> [Description of the task] Transcribe the listing exactly, leaving out every picture.

> [Exercise data]
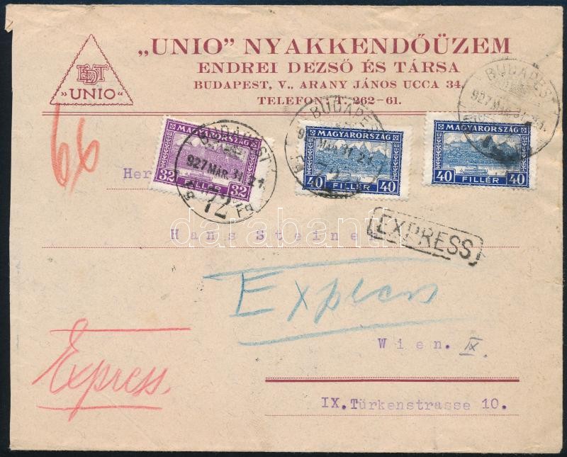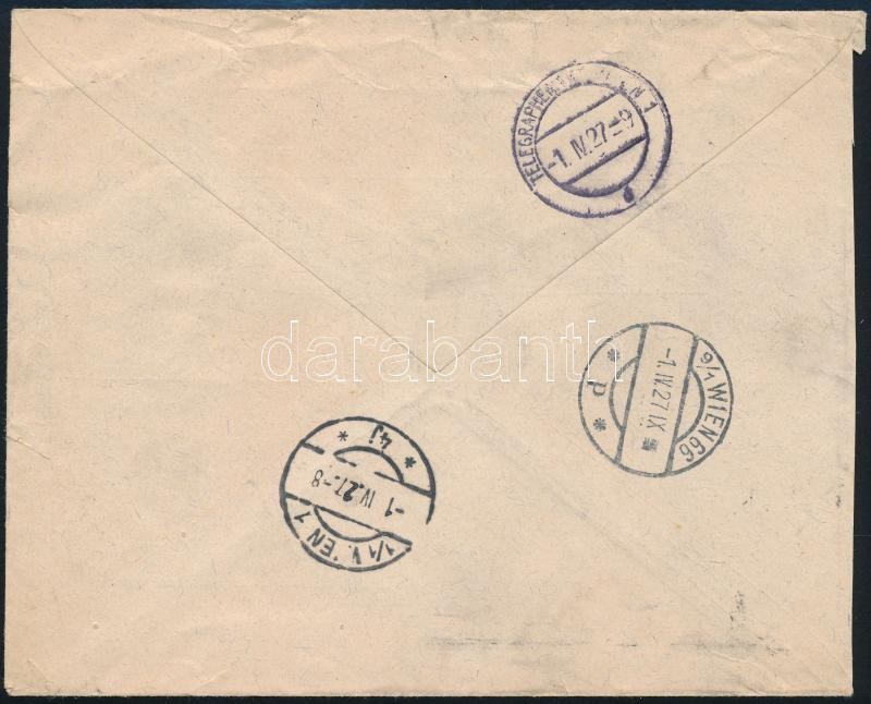 Beschreibung: 1927 Túlsúlyos expressz céges levél 1,12P bérmentesítéssel Bécsbe / Overweight express business cover to Vienna
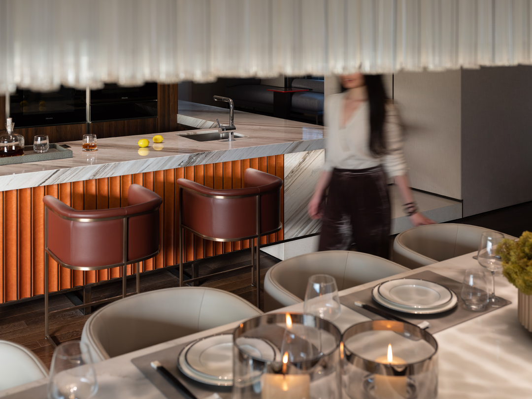 参照酒店式起居场景,于二楼构造枢纽之地,套间居室环绕。提取颇具东方意象的屏风形态,对沙发呈包裹姿态,并以此开启围合布局。内敛规整的低调秩序亦进一步描摹酒店气韵,透过阵列式陈设、高饱和色点缀,强化典雅之境。在深浅对比、错落有致中,仪式感与随性气息兼具。
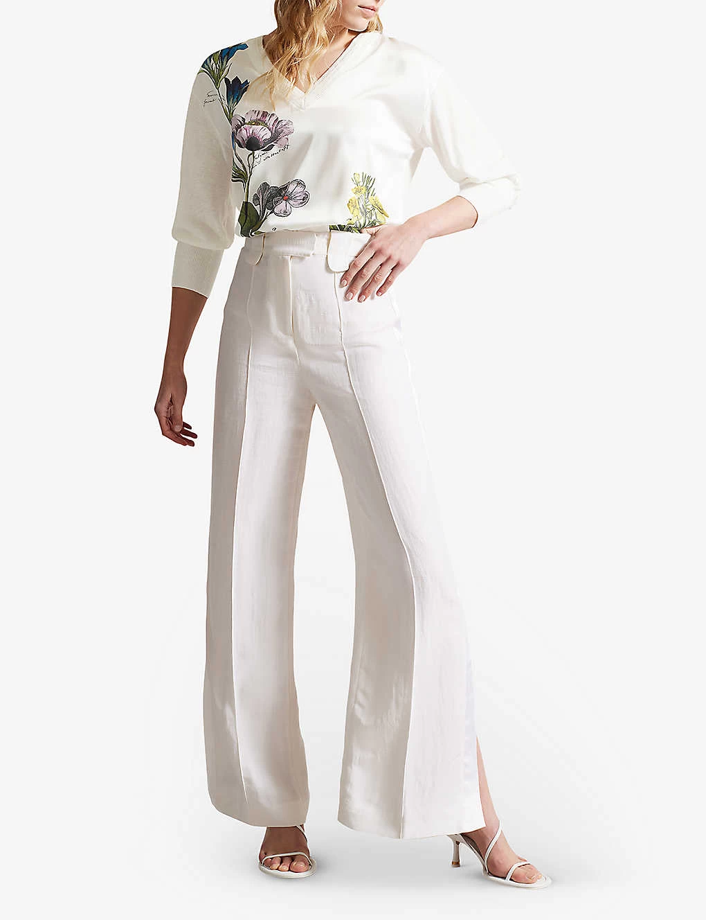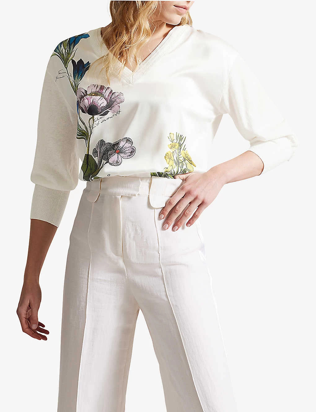Ted Baker Raili V-neck Floral-print Woven Sweater

> [Response to this task]
 Beschreibung: 1927 Túlsúlyos expressz céges levél 1,12P bérmentesítéssel Bécsbe / Overweight express business cover to Vienna
 参照酒店式起居场景,于二楼构造枢纽之地,套间居室环绕。提取颇具东方意象的屏风形态,对沙发呈包裹姿态,并以此开启围合布局。内敛规整的低调秩序亦进一步描摹酒店气韵,透过阵列式陈设、高饱和色点缀,强化典雅之境。在深浅对比、错落有致中,仪式感与随性气息兼具。
Ted Baker Raili V-neck Floral-print Woven Sweater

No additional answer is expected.